SEC. 106. SAVINGS ACCOUNTS AND SAVINGS DEPOSITS.-(a) A Federal savings association shall acquire its capital in the form of such savings accounts or deposits as are authorized in its charter, and may issue a passbook or other evidence of its obligation to repay.

(b) Subject to regulation by the Board, an association may classify its savers according to the character, amount, duration, or regularity of their dealings with the association, may agree with its savers in advance to pay an additional rate of earnings on accounts based on such classification, and shall regulate such earnings in such manner that each saver shall receive the same ratable portion of earnings.

(c) Each association may—

(1) decline any sums offered as savings; and

(2) repay any savings at any time, subject to any limitations which the Board may impose in accordance with this Act.

(d) Except as otherwise provided in this Act, an association may pay earnings on its accounts from net earnings and undivided profits at such rate and at such intervals as shall be approved by its directors.

(e) An association may at any time by resolution of its directors require that up to ninety days' advance notice be given to it by each saver before the withdrawal of any savings or portion thereof; and whenever the directors shall adopt such resolution, no savings need be paid until the expiration of the notice period applicable thereto in accordance with such resolution. An association shall notify the Board in writing on the day of adoption of such resolution by the directors. Notwithstanding adoption of such resolution by the directors, an association may, in its discretion, permit withdrawal on a uniform basis of all or any part of all accounts prior to the expiration of the notice period prescribed by such resolution. Any such resolution may be rescinded at any time. An association, the charter of which does not provide otherwise, which has failed for 90 days after a withdrawal application has been filed with it to pay such withdrawal application in full, shall be deemed to be in default, and the Board may, in its discretion, forthwith take possession of the property and business of such association.

(f) Without regard to any provision of subsection (e) of this section, the Board may further limit and regulate withdrawals of accounts from any association if the Board shall find that such limitation and regulation are necessary because of the existence of unusual and extraordinary circumstances. The Board shall enter such findings on its records.

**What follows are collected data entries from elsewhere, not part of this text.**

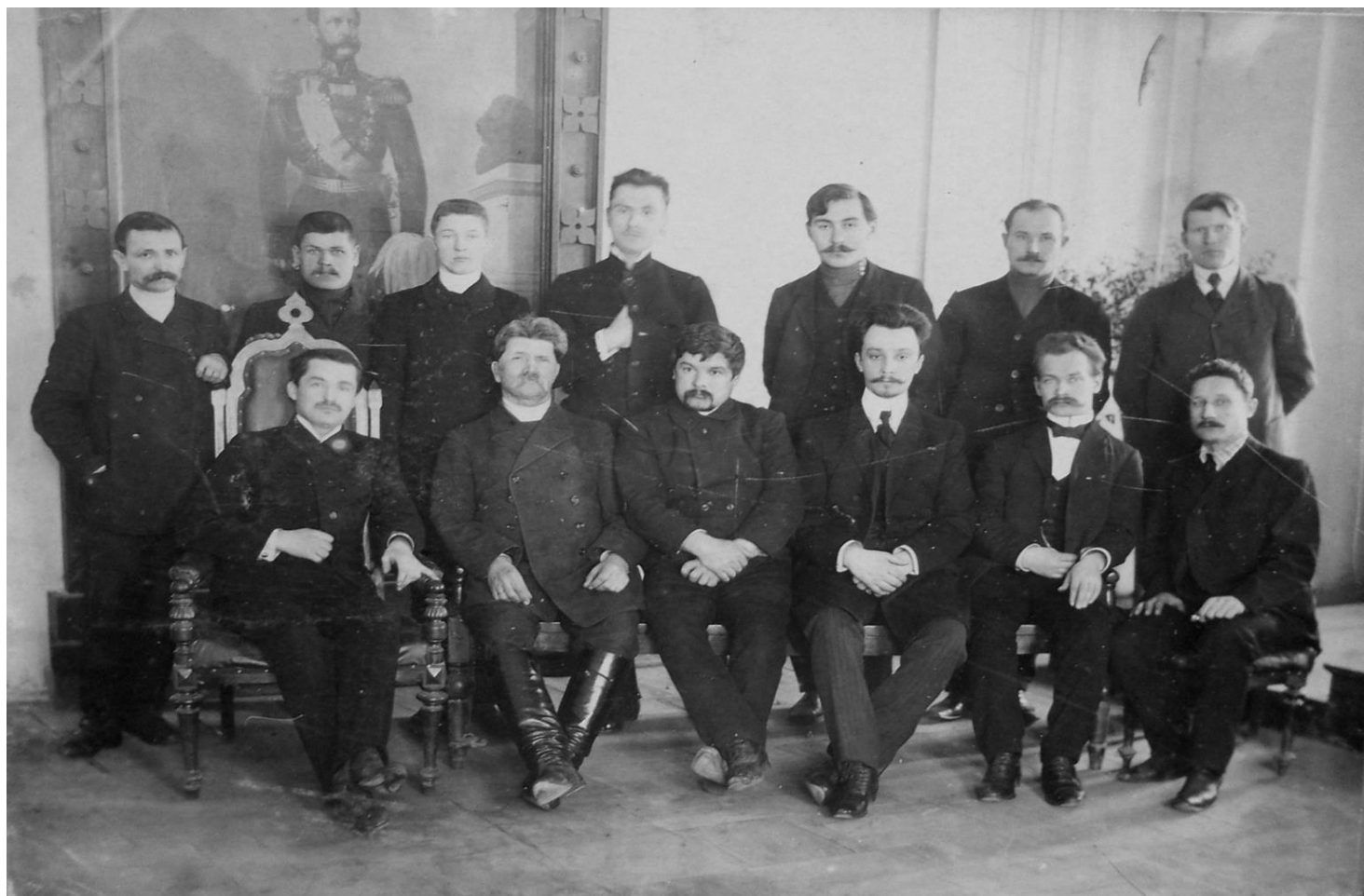
Члены Алексинской Уездной Земской Управы.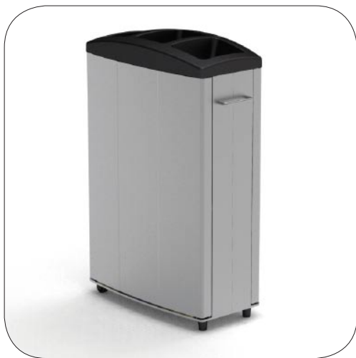
Håndtak og hjul for økt mobilitet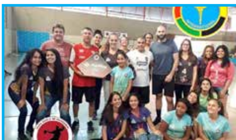
Equipe vencedora do Troféu Fair Play da Liga de Handebol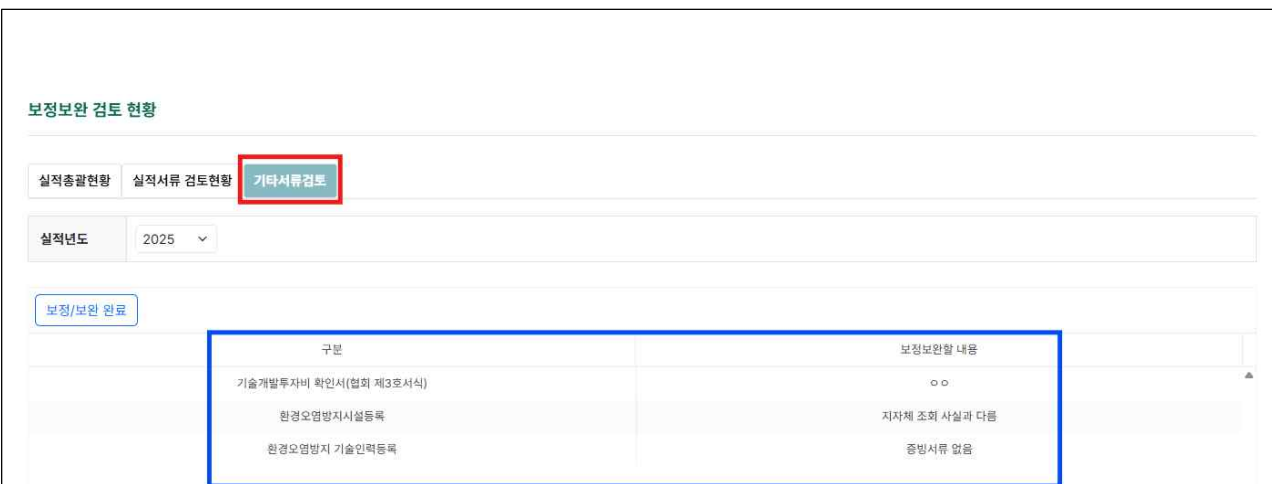
5. 기타서류 보정 내용 확인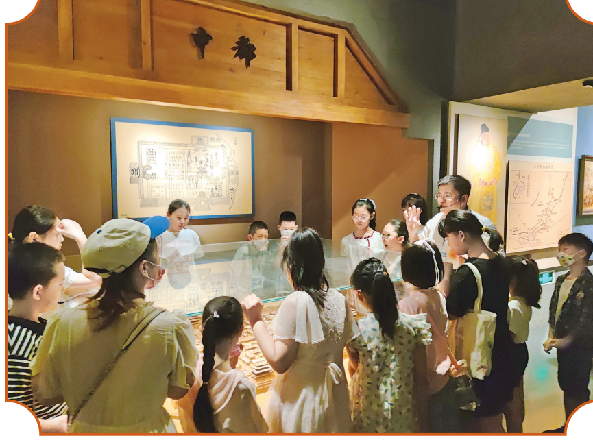
青少年在永济博物馆参观。

在永济博物馆的一张圆桌上，摆放着两本“活动日志”，分别来自两所小学，记录着孩子们游览永济博物馆的真实感受。“一下汽车，一座气派的建筑呈现在眼前……最让我好奇的是警署纹圈足铜爵……”稚嫩真诚的记录写在稿纸上，这是孩童与历史文化的照面，也是博物馆发挥自身功能的生动写照。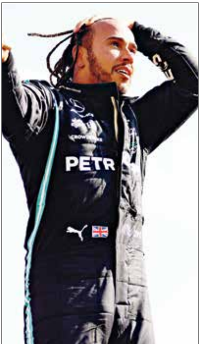
هاميلتون يصعد على التراب (فرانس برس)

نجا سائق مرسيدس البريطاني، لويس هاميلتون، من حادثة مع منافسه المباشر سائق ريد بول، الهولندي ماكس فيرستابن، في اللفة الأولى وتخطى عقوبة 10 ثوان، وتجاوز على الحلبة سائق فيراري، شارل لوكلير، من مونako، ليحرز فوزاً مستحفاً على أرضه في سلفرستون، أمام جماهير غفيرة بلغت 140 ألفاً صفقت لبطولها طويلاً في الجولة العاشرة من بطولة العالم للفورمولا 1، الأحد. وهو الفوز الثالث توالياً لـ«سير» هاميلتون في جائزة بلاده، رافعاً عدد انتصاراته على الحلبة الإنكليزية إلى ثمانية في رقم قياسي، والـ99 في مسيرة بطل العالم سبع مرات الساعي لدف ارتباطه مع أسطورة اللفة الأولى الألماني ميكائيل شوماخر. وعاد هاميلتون إلى سكة الانتصارات للمرة الأولى منذ جائزة إسبانيا الكبرى في 8 مايو/ أيار الماضي، بعدما فشل في الفوز في خمسة سباقات على التوالي في عام واحد، وذلك للمرة الأولى منذ عام 2016 عندما كان بالوان فريق ماكلارين. وقال البريطاني المنتشي بفوزه: «هو حلم بالنسبة لي اليوم» وحيناً «أفضل، أفضل الجماهير»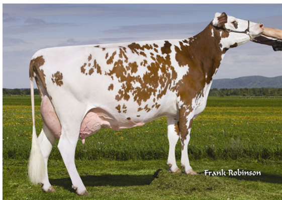
DES FLEURS POKER PARTENAIRE FIFTH DAM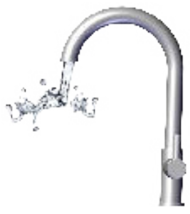
LK 551 HydroKit HWC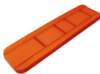
7014/A Materasso 4 pz. in Skay ignifugo elettrosaldato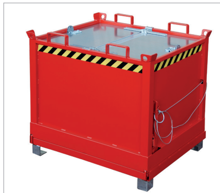
FB avec couvercle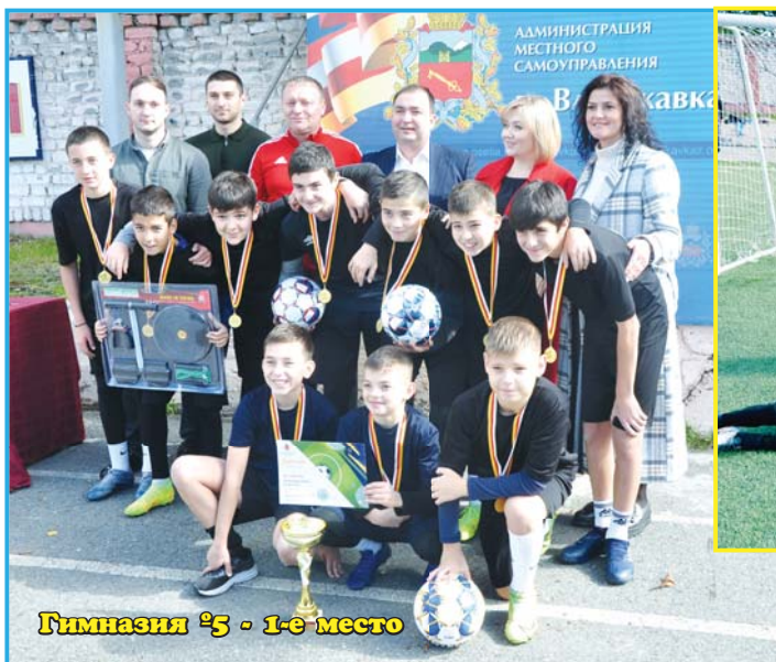
Гимназия №5 - 1-е место

Последний в этом году турнир по футболу среди мальчиков прошел на стадионе «Металлург» футбольного клуба «Барс». В этот раз играли команды мальчиков из городских школ.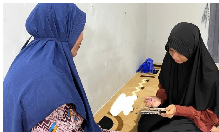
Wawancara Informan RS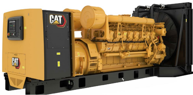
示意图不一定匹配实际配置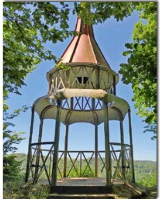
Abb. 10: Der Hohenzollernturm wurde zu Ehren Kaiser Wilhelms I. und dessen 100. Geburtstag gebaut.

wachsen dort wieder Douglasien, Ebereschen, Ahorn und Kirschbäume. Der Weg mündet in einen Platz mit dem schönen Namen „Oase der Ruhe“, von wo aus sich ein fantastischer Panoramablick über Bad Bertrich bietet. Die Ortsgruppe Bad Bertrich des Eifelvereins hat hier 1997 die Schutzhütte „Eifelhütte“ errichtet. Nachdem wir uns an Bad Bertrich sattgesehen haben, setzen wir den Weg durch den Wald in Richtung Hohenzollernturm fort, von wo aus sich ein weiterer großartiger Ausblick bietet, diesmal über das Bertricher Tal in seiner gesamten Längsausdehnung von Ost nach West. (Abb. 9)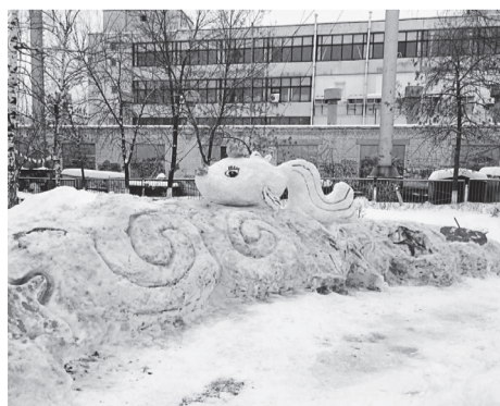
«Лучшее художественное исполнение»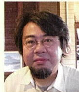
パネルディスカッション パネリスト

NPO法人自立生活サポートセンター・もやい理事長、新宿ごはんプラス共同代表。20代前半よりホームレス状態の方、生活困窮された方への相談支援に関わる。また、生活保護や社会保障削減などの問題について、現場からの声の発信や政策提言を行う。令和3年6月より内閣官房孤独・孤立対策担当室政策参与に就任。

(g) In order to prevent the closing of an association determined by the Federal Savings Insurance Corporation to be in danger of closing, or in order to reopen a closed association, the Board may authorize the Federal Savings Insurance Corporation to take such action as may be necessary to put such association in a sound and solvent condition.

(h) The savings accounts or deposits of Federal savings associations shall be lawful investments, and may be accepted as security, for all public funds of the United States, fiduciary and trust funds under the authority or control of the United States or officers or employees thereof, and for the funds of all corporations organized under the laws of the United States, notwithstanding any

limitation of law upon the investment of any such funds or upon the acceptance of security for the investment or deposit of any such funds.

SEC. 107. INVESTMENT IN SECURITIES.-Federal savings associations shall have power to invest in securities as follows:

(a) Without limit, in obligations of, or guaranteed as to principal and interest by, the United States or any State; in stock or obligations of any Federal Home Loan Bank or Banks; in stock or obligations of the Federal Savings Insurance Corporation; in stock or obligations of a national mortgage association or any successor or successors thereto; in obligations of, or guaranteed as to principal and interest by, the Dominion of Canada or any Province thereof, provided that the principal and interest of any such obligations are payable in United States funds; in obligations issued or guaranteed by the International Bank for Reconstruction and Development or by the Inter-American Development Bank; in demand, time, or savings deposits, shares or accounts, or other obligations of any bank, trust company, or savings association the accounts of which are insured by a Federal agency; in bankers' acceptances which are eligible for purchase by Federal Reserve banks;

(b) Not in excess of 25 percent of its assets in (1) bonds, notes or other evidences of indebtedness which are a general obligation of or guaranteed as to principal and interest by, any agency or instrumentality of the United States not specified in subparagraph (a) or of any State, or of any city, town, village, county, district, or other municipal corporation or political subdivision of any State, or of any public instrumentality or public authority of any one or more of the foregoing, and (2) other stocks, securities, and obligations which the Board shall approve and place on a list to be contained in the published regulations, subject to such limitations and restrictions of general applicability as may be prescribed in said regulations, and the Board is directed to publish such a list. An association holding investments which are so listed by the Board shall not be required to dispose of the same if at a later time the Board shall remove such investments from the list.

SEC. 108. INVESTMENT IN LOANS.-Federal savings associations shall have power to invest in loans and other investments as follows:

(a) Loans secured by their savings accounts or deposits.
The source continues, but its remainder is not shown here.